Pesquisador do Inpa, professor Wanderli Tadei, apresentou estudos mostrando que os atuais inseticidas já não têm mais a mesma eficiência de antes

Wanderli Tadei explicou que novos inseticidas contra o mosquito da dengue são necessários

Wanderli Tadei explicou que novos inseticidas contra o mosquito da dengue são necessários (Antonio Lima)

A população do mosquito Aedes Aegypti, transmissor da dengue, encontrada em Manaus e em outras capitais do País está cada vez mais resistente aos inseticidas utilizados para eliminá-la. Estudos realizados pelo núcleo de pesquisadas de malária e dengue do Instituto Nacional de Pesquisas da Amazônia (Inpa) revelaram que determinadas populações do mosquito desenvolveram uma mudança genética, de acordo com a exposição ao veneno, e está a cada ano resistente a vários tipos de inseticidas utilizados pelo Governo do Amazonas e Prefeitura de Manaus.

A pesquisa coordenada pelo professor Wanderli Tadei busca criar novas fórmulas de inseticidas que sejam eficientes no combate ao mosquito. O pesquisador estuda o mosquito há mais de 35 anos. Ele apresentou os resultados dos estudos com novas tecnologias a serem aplicadas no atual cenário da dengue na capital, em uma palestra, na sede administrativa do Museu da Amazônia (Musa), na Zona Centro-Sul.

Ele explicou que é natural o Aedes Aegypti criar resistência e por esse motivo é necessário fazer o monitoramento constante do mosquito e elaborar a adaptação do inseticida para que as medidas de controle tenha maior efetividade.

Wanderli identifica a linhagem que tem resistência e trabalha numa forma mais forte de eliminá-las, mas sem causar nenhum risco ao ser humano.

Ele citou como exemplo o Estado de São Paulo que vive atualmente um grande número de registro de pessoas com Dengue. “Lá também não se pode mais usar determinados inseticidas porque a resistência do mosquito aumentou”, disse.

Segundo ele, o Temefós era o inseticida mais usado em todo o País no combate, principalmente, das larvas do mosquito, mas se tornou obsoleto devido à resistência que Aedes Aegypti desenvolveu ao longo dos anos.

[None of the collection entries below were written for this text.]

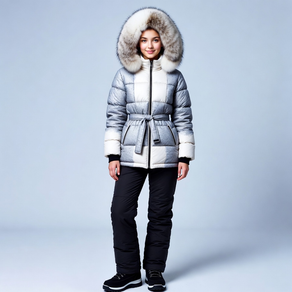 A young Asian woman stands wearing a gray quilted parka jacket with white fur hood and cuffs. She pairs it with black ski pants and black winter boots on a plain light blue background. The jacket features a belted waist and contrasting white panels.
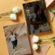 Elegant gold foil arrow wedding invitation personalised with one photo on either side. Gold foil wedding invitation with your wedding date in bold numbers framed by elegant arrows. Modern typography wedding invitation with gold foil text printed atop your photo with a transparent dark layer making the text pop.
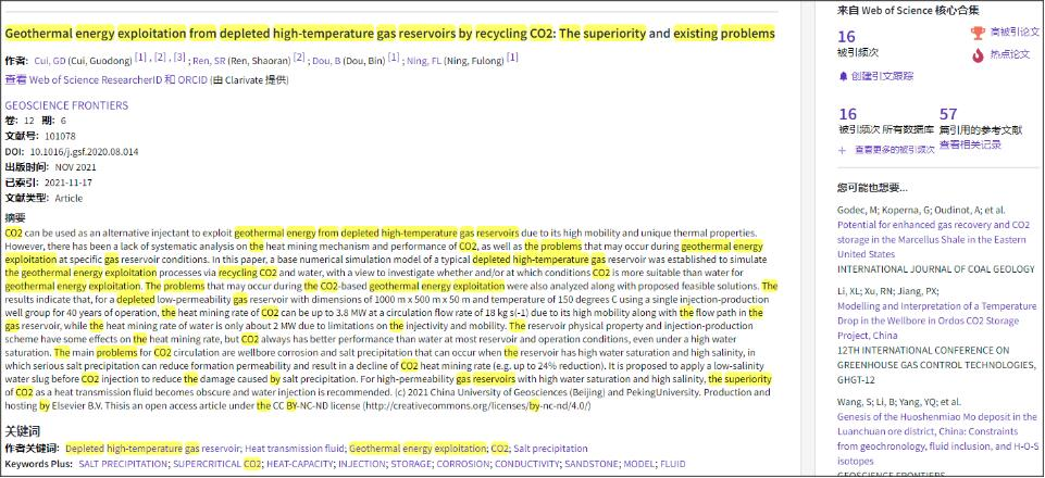 (通讯员:黄静)根据2022年3月基本科学指标数据库(Essential Science Indicators,简称ESI)最新数据显示,beat365官网崔国栋副教授于2021年在国际地学期刊Geoscience Frontiers上发表的学术论文“Geothermal energy exploitation from depleted high-temperature gas reservoirs by recycling CO₂: The superiority and existing problems”入选ESI热点和高被引论文(Hot and Highly Cited Paper)。该论文第一作者兼通讯作者为崔国栋副教授,beat365 手机版官方网站(武汉)beat365 手机版官方网站为第一署名单位。

O veneno também foi eliminado em Manaus que usa atualmente o inseticida diflubenzuron. “Mesmo com os efeitos do diflubenzuron impedindo que a larva chegue à forma adulta estamos testando novos compostos.

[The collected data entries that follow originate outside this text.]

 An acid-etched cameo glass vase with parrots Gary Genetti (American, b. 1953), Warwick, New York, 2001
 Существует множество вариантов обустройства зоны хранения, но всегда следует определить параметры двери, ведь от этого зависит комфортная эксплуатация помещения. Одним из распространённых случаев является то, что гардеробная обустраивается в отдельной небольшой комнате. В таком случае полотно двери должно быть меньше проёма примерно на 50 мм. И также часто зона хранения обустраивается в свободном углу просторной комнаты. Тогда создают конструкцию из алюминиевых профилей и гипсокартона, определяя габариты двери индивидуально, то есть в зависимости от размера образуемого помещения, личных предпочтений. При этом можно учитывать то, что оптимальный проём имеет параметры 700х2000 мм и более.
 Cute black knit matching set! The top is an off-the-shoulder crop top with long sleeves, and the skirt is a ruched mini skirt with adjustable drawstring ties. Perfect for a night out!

Manaus foi uma das últimas capitais do Brasil a ser infectada pelo mosquito da dengue na década de 90. A vigilância era mantida no aeroporto e no porto fluvial onde em 1993 encontramos três largas, mas não houve infestação. Mas em 1996 encontramos a Praça 14 totalmente infestada pelo mosquito da dengue e não teve como evitar que se espalhasse pela cidade. Como a infestação na Praça 14 era muito grande a luta foi inglória. Hoje Manaus vive uma situação muito boa”, contou.